He could be earning wads of money in Europe as an Apple computer whiz, but father of three young boys Alex Jeschkus is happier working in a converted chiller out the back of his Hawke's Bay property.
Surrounded by fine tools and stacks of iPhones, iPods and other Apple products in various states of repair, the 47-year-old Bavarian has become the go-to guy for those with cracked screens or other faults.
He spent a few years tutoring programming in Auckland after arriving in New Zealand with his then girlfriend 16 years ago, then another few years working as an Apple technician for various companies.
Two years ago he started his own company, madmacman.com.
"Apple had started what it called modularity, which is essentially replacing large parts instead of repairing what is often small problems. With Apple products anything that is damaged in an accident is void of warranty. I saw a niche there. I knew I could repair for a fraction of the price," Jeschkus said.
Much of his work comes from insurance companies that are keen to repair a product rather than replace it.
"Insurance companies and clients like that I warrant my jobs. When I fix it, it will last. The alternative is to replace a part at a much greater cost," he said.
There are others offering to repair Apple products, particularly cracked screens, but many of these people were not qualified, he said.
"I've got a pile of phones that people have brought me after sending them to someone to be fixed. They have chips broken by unprofessional opening. I am liable for all my work."
Today his website is flat out with queries from potential clients, and couriers come and go from his property with a stream of broken products one way and repaired the other.
Jeschkus said he loved computers from a young age. "I loved the Atari and Commodore. I knew from about age 6 that that's what I wanted to do, but my father thought there was no future in it so I was sent off to be an apprentice boilermaker."

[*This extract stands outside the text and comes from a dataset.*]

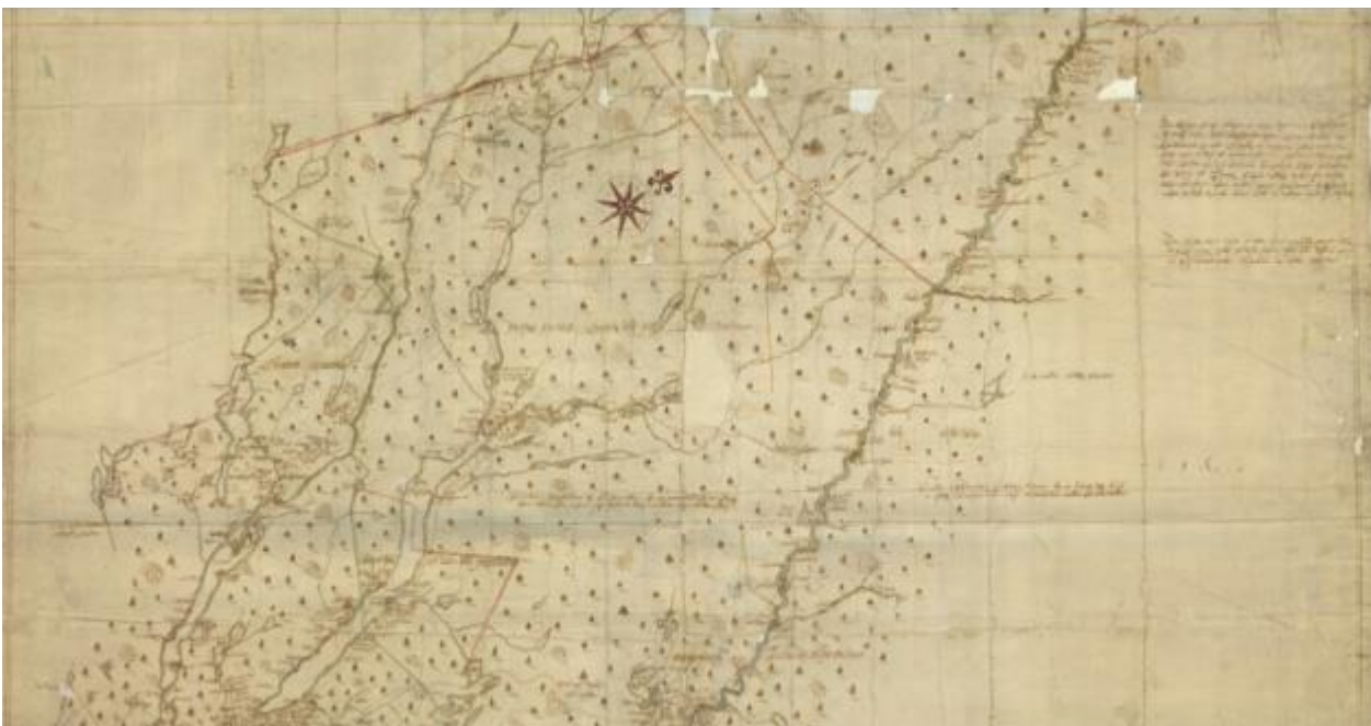
Fryksdalenin ja jokilaakson kartta vuodelta 1658.

After three years working at BMW plants he took a three-year degree in computing and found work with IBM as a security system analyst.
"I was what they call an 'ethical hacker'. I tested networks to see if they were secure. It was a very intense job, 15-16 hours a day. Good if you want money, but not if you want to be happy."
In the early 90s he took a pay drop and went to work as an Apple technician, whose products he felt were far superior.
"To me a PC is just a piece of plastic with no engineering value whatsoever. With an Apple," he says, pointing to an open monitor on his desk, "everything is engineered. It's quality engineering, and their gear is built to last."
In the mid-90s he opted for a radical change. He dropped computers and flew to Khartoum, Sudan, to become a freelance Reuters photographer. He spent three years, and nearly all his savings, covering wars in Sudan, Somalia, Chad and Eritrea.
"I was young, free, had no-one depending on me . . . It wasn't something you do for money. It was a life-changing experience. It stays with you. I thought I'd kark it in Africa, to be honest."
He and partner Jamie Te Wake moved to Haumoana, near Hastings, five years ago, mainly for the surfing. Their boys, aged 14 weeks, 2 and 5, are his priority.
"I spend the days with my boys. Once it gets cooler I'll come in here and work until late, usually 11pm. I value a job by the time I work on it. Time is not recoverable. If I spend two hours on a job it's two hours I didn't have with my boys. I can't buy that back. So I work efficiently and quickly."
Clients usually get their repaired products back within a day or two, he said.
He gets through 100 to 150 jobs a week. He also works on school networks, and builds websites for clients in New Zealand, Germany, Italy and France.
Jeschkus has never advertised, but has had great success through word of mouth and the website, which has more than 7500 likes and the same number of tweets.
He plans to continue on the same track, possibly taking more work on and maybe hiring a few people to help with simple jobs.
"I think we could double the work without raising a sweat. I think we're doing all right. I like our hickory old company."